Historic district in the United States

The Gilbert–Sinton Historic District is an area in the southern portion of the Walnut Hills neighborhood of Cincinnati, Ohio, United States. A triangle measuring slightly more than 13 acre in area, the district's edges are generally Morris Street and Sinton Avenue (both small residential streets) and the substantially larger Gilbert Avenue, which is concurrently designated as U.S. Route 22 and State Route 3.

Most of the district was created by a small group of real estate developers working in conjunction with each other. As a result, none of the present buildings were constructed before 1880, and little construction occurred after the turn of the 20th century. Additionally, the architecture is relatively homogenous: most of the buildings are large residences constructed as homes for the wealthy, and the architectural styles exhibited in the district (which is predominantly Queen Anne and Shingle style) feature similar components and designs.

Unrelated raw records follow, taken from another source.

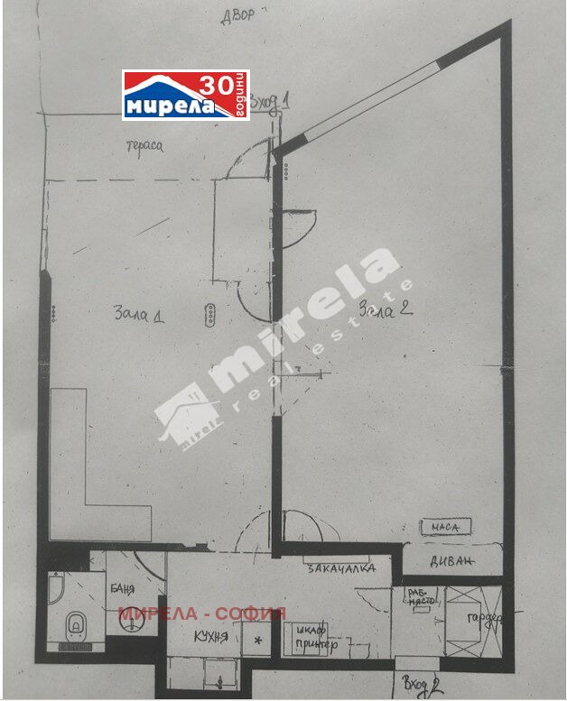443943 Отдавам под наем напълно обзаведен и технически оборудван офис със статут на езиков център. Застроената му площ е 95 кв. м, отделно има тераса и двор. Имота е с два входа.
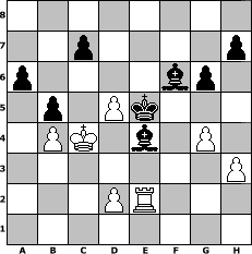 game notation in PGN-format [Event "Turnier gegen Regen :>"] [Site "www.myChess.de"] [Date "2006.09.04"] [Round "1"] [White "Caligula"] [Black "Phantasos"] [ECO "A48"] [WhitemyELO "1829"] [BlackmyELO "2060"] [Result "0-1"] [TimeControl "10/1728000"] [WhiteDays "97"] [BlackDays "86"] [MyChessNo "28148"] 1. d4 Nf6 2. Nf3 g6 3. e3 Bg7 4. c4 O-O 5. Be2 d6 6. Nc3 Nbd7 7. O-O e5 8. dxe5 dxe5 9. e4 Qe7 10. Nd5 Nxd5 11. cxd5 Nc5 12. Qc2 f5 13. exf5 e4 14. Ng5 Rxf5 15. Be3 Rxg5 16. Bxc5 Qe5 17. Be3 Rf5 18. Rae1 Rf7 19. b3 Bf8 20. f4 exf3 21. Bxf3 Bd6 22. g3 Bh3 23. Rf2 Re8 24. Qc4 Qxe3 25. Rxe3 Rxe3 26. Be2 Rxe2 27. Rxf7 Re1+ 28. Kf2 Rf1+ 29. Qxf1 Bxf1 30. Rf3 Bh3 31. Rc3 Kf7 32. Rc4 Bf5 33. Ke3 Bb1 34. Ra4 Kf6 35. Kd4 a6 36. a3 Bc2 37. Kc3 Bd1 38. Re4 Bf3 39. Re6+ Kf5 40. Kd4 Bxa3 41. Re3 Bb2+ 42. Kc4 Be4 43. Re2 Bf6 44. h3 Ke5 45. g4 b6 46. b4 b5+ 0-1 position notation in FEN-format 8/2p4p/p4bp1/1p1Pk3/1PK1b1P1/7P/3PR3/8 - - - 0 47 Captured white pieces: Captured black pieces: Click on a captured piece in order to display the desired move!
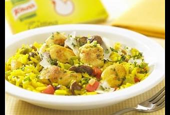 - Dorar en 50 grs. de manteca la suprema de pollo, cebolla, ají y hongos.
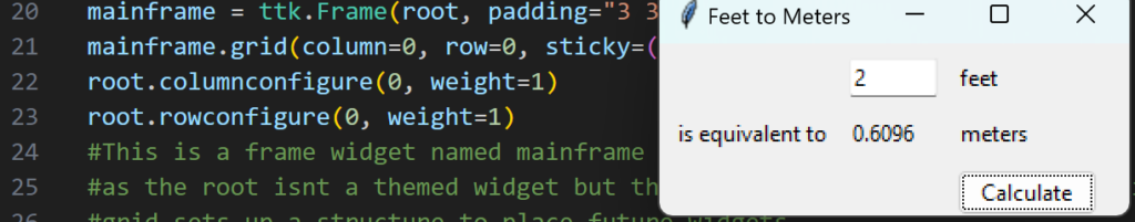 I found an interesting application on TkDocs that acts as a simple feet to meters converter and poked around at it.
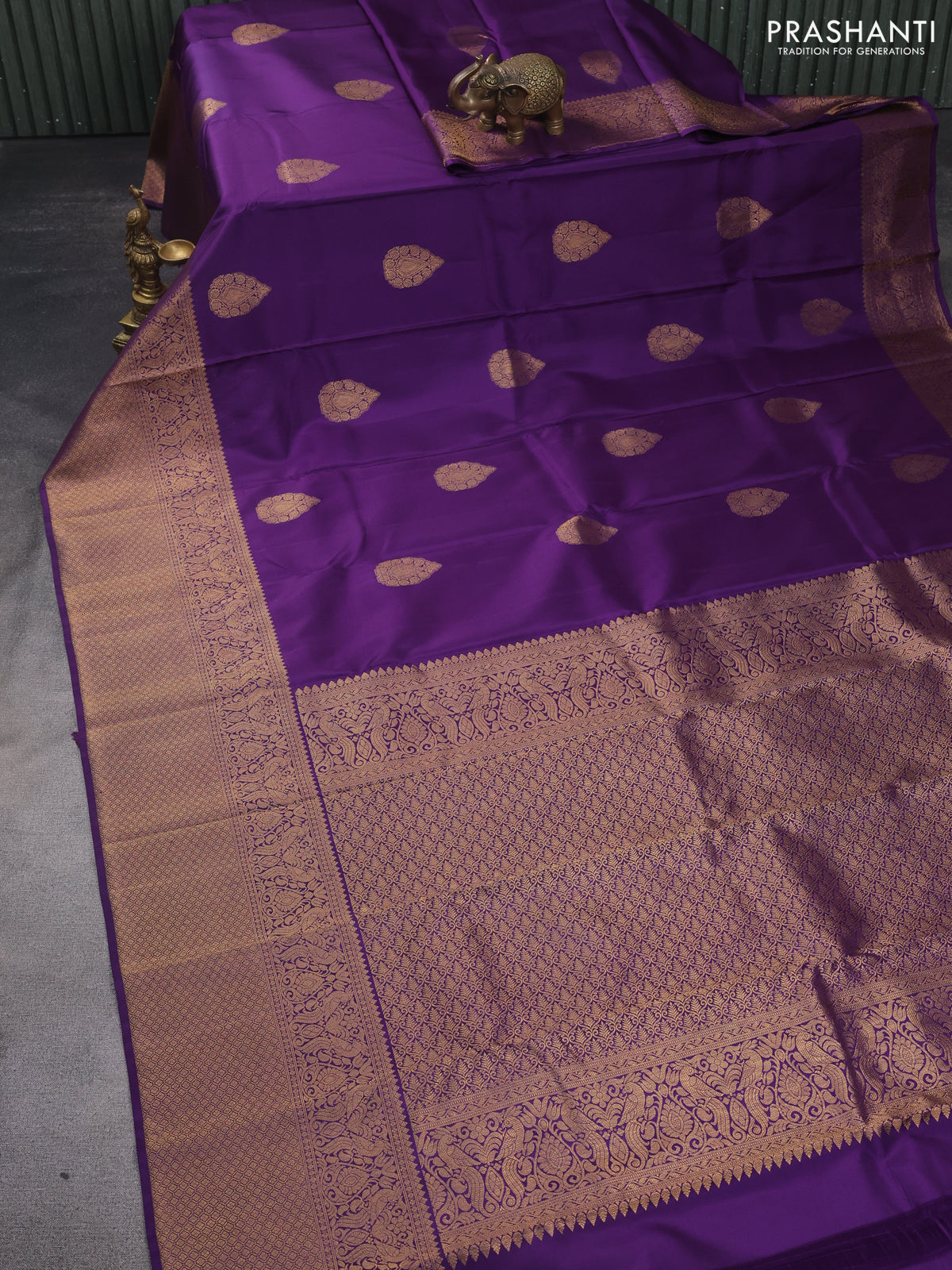 Pure kanchipuram silk saree violet with zari woven buttas and long zari woven border

In its early years, life in the present-day Gilbert–Sinton neighborhood was accompanied by plentiful amenities. When public transportation was initially established in the area, its first route ran along Sinton Avenue, and Cincinnati's first cable car line used Gilbert Avenue. Neighborhoods all along this pioneer cable car route expanded rapidly, and Gilbert–Sinton was no exception. Even today, the impact of these early public transportation routes is evident in the neighborhood. Residents did not need to travel for entertainment; besides being the district's southern boundary, Morris Street is the northern boundary of the large Eden Park.

In 1983, the Gilbert–Sinton neighborhood was named a historic district and listed on the National Register of Historic Places. Eighty-seven of the district's ninety buildings were counted as contributing properties. Among these properties are the Gilbert Row along Gilbert Avenue and a pair of buildings known as Madam Fredin's Eden Park School and Neighboring Row House on Morris Street, which had already been listed on the National Register in 1982 and 1979 respectively.